Table 2 Putative novel viruses identified in alfalfa samples collected from production fields in the U.S. Pacific Northwest in 2019/2020.

Alfalfa nucleorhabdovirus 1

The longest contig comprised 2646 nt and resembled nucleocapsid protein of DYVV. At the nucleotide level, it was 73% identical to DYVV (KM823531.1; coverage 31%; E = 5e−93). The largest translated ORF of the DYVV-like virus was 449 aa-long and only 65.7% identical to the nucleocapsid protein of the DYVV (YP_009176972.1). When this ORF was compared to the nucleocapsid protein of recently discovered alfalfa associated nucleorhabdovirus (AaNV7), the percent identity was 34.5%, indicating unlikely relationship between these two viruses. Provisionally, we named this virus alfalfa nucleorhabdovirus 1 (ANRV1). The longest contig homologous to ZPNRV (contig_2410, 1894 nt) was 98% identical to the ANRV1 and therefore most likely depicted the same virus. Using PCR primers designed according to the nucleotide sequence of the ANRV1 contig_23296 (LN846/LN847, Table S3), we were able to amplify a specific product of the predicted size (393 bp) from alfalfa samples (Fig. 3D). The product was sequenced and found to be identical to the ANRV 1.

Alfalfa cytorhabdovirus 1

The second longest contig had a top BLAST hit with MYSV (2444 nt) and contained one complete ORF 437 aa-long that was 31% identical (94% coverage; E = 5e−43) to the N protein of MYSV (YP_010086409.1) and 33% (94%; 4e−43) identical to the N protein of barley yellow striate mosaic cytorhabdovirus. At the nucleotide level, however, no significant similarity with other viruses was found, not counting short stretches of the sequence with a low coverage (2%). Despite the low levels of identity, these were sufficient to establish affiliation with the family Rhabdoviridae. We provisionally designated this new virus as alfalfa cytorhabdovirus 1 (ACRV1).

Alfalfa cytorhabdovirus 2

The third longest contig among those potentially belonging to the new viruses, consisted of 1903 nt and encoded a 260 aa-long fragment 38%, 37% and 35% identical to the nucleocapsid proteins of MSSV (QBJ27588.1), MYSV (YP_010086409.1), and MaCV (ARS22490.1), respectively. This virus was provisionally named alfalfa cytorhabdovirus 2 (ACRV2). Nucleotide sequence identities between partial segments of ACRV1 and ACRV2 was ~ 52%. Amino acid sequence identities between their translated ORFs, though, was ~ 84%, suggesting these could be different strains of the same virus.

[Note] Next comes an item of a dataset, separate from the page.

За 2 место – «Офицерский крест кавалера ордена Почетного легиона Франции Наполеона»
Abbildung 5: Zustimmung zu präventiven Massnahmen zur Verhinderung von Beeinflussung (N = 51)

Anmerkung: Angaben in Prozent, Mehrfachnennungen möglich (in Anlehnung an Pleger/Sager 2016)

To further clarify the relationship between all newly identified alfalfa rhabdoviruses, we performed phylogenetic analysis that also included classified and proposed members of the family Rhabdoviridae (Fig. 4B). Alfalfa cytorhabdoviruses ACRV1 and ACRV2 clustered together, branching to the known plant cytorhabdoviruses, while alfalfa nucleorhabdovirus (ANRV1) formed a group with DYVV, indicating their evolutionary relationship. Characteristically, previously discovered alfalfa rhabdoviruses, ADV2 and AaNV7, appeared to be divergent from the newly found pathogens.

Two other conditional novel viruses were represented by short contigs (< 500 nt; contig_257394 and contig_22223, Table S2), which did not allow their accurate identification. The top BLAST hits (nucleotides sequences) corresponded to the maize-associated picornavirus (MF425854.1; identity 71%, E-value = 3e−62; query cover 100%) and peanut chlorotic streak caulimovirus (U13988.1; identity 71%; E-value = 6e−25; query cover 77%), respectively. Translated portion of the contig contig_22223 had a top BLAST hit with horseradish latent caulimovirus.

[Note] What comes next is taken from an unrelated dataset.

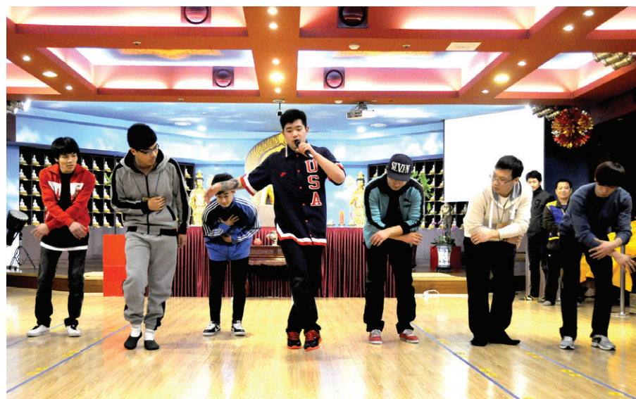
부산보리선수에서 개최된 '2013년 국제 청년 법회'에서 한국 B-boy들에게 중국 청년들이 춤을 배우는 시간을 갖고 있다.

부산 보리선수(주지 범생)는 설을 맞아 한·중 청년 교류를 위한 '2013 국제청년법회'를 개최했다. 2013년 2월 6일~2월 12일 부산 해운대 보리선수 법당에서 개최된 이번 행사에는 한·중 청년 200여명이 참석한 가운데 수행, 단체토론, 설날 파티, 가면무도회 등 다채로운 행사가 진행됐다.

Alfalfa-associated toti-like virus

Contig_30828 ORF (Table S1) was the longest one (1396 nt) comprising a sequence of an unclassified toti-like virus, a tentative member of the family Totiviridae, of single molecule linear dsRNA viruses. A translated portion of this contig had 45% identity (99% coverage; E-value = 1e−86) with a hypothetical protein of uncategorized Hubei toti-like virus 2 (YP_009336495.1). Nucleotide sequence search has not resulted in any hits. Although totiviruses are associated with latent infections of fungal or protozoan hosts19, among the top BLAST hits were also CP of several unclassified toti-like viruses apparently infecting higher plants: peach-associated virus 2 (QSV39137.1), black raspberry virus F (YP_001497150.1), and maize-associated totivirus 2 (YP_009259485.2). Phylogenetic analysis of the contig_30828 along with complete nucleotide sequences of the representative species and unclassified members of the family Totiviridae positioned it, albeit with poor bootstrap support, in the same cluster with Giardia lamblia virus (GLV), the prototype virus of the genus Giardiavirus that infects the parasitic protozoan G. lamblia (Fig. 5A). The cluster branched toward the Saccharomyces cerevisiae virus L-A, type species of the genus Totivirus. Based on the low identity values and inconclusive phylogenetic analysis, we propose that this contig could represent a fragment of the new virus, provisionally named alfalfa-associated toti-like virus (AATLV), although a possibility exists that this is a contaminant virus originating from a non-plant host.

Figure 5
figure 5

Phylogenetic analysis of the newly identified toti-like and picorna-like viruses found in alfalfa samples collected from production fields in the U.S. Pacific Northwest in 2019/2020. (A) The phylogenetic tree was deduced from the ClustalW alignment of the proposed alfalfa toti-like virus with the complete nucleotide sequences of the representative species and unclassified members of the family Totiviridae. Allium cepa amalgavirus 1_(NC_036580.1) was used as an outgroup. (B) The phylogenetic tree was deduced from the ClustalW alignment of the proposed alfalfa-associated picorna-like viruses AAPLV1 and AAPLV-2 with the complete nucleotide sequences of the selected members and unclassified viruses of the order Picornavirales. Tobacco etch virus_M15239.1 was used as an outgroup. The trees were built using MEGA 7 software with Maximum Likelihood method based on the Tamura-Nei model and bootstrap analysis of 1000 replicates.

Alfalfa-associated picorna-like virus 1

Several contigs, according to BLAST analysis, were associated with a group of different unclassified Hubei picorna-like viruses, reported en masse by Shi et al.20. The longest contig of 3387 nt translated into two proteins of 639 and 452 aa-long, with an intergenic region of 65 nt. The largest ORF had a low identity (31%) BLAST hit with a hypothetical protein of Ryboviria spp. (QKN89031.1), while the second ORF was paired with uncategorized Arma picornavirus GZ (QNJ34549.1; 46% identity). Nucleotide sequence search has not resulted in any significant hits with viral genomes. This virus was tentatively named alfalfa-associated picorna-like virus (AAPLV 1).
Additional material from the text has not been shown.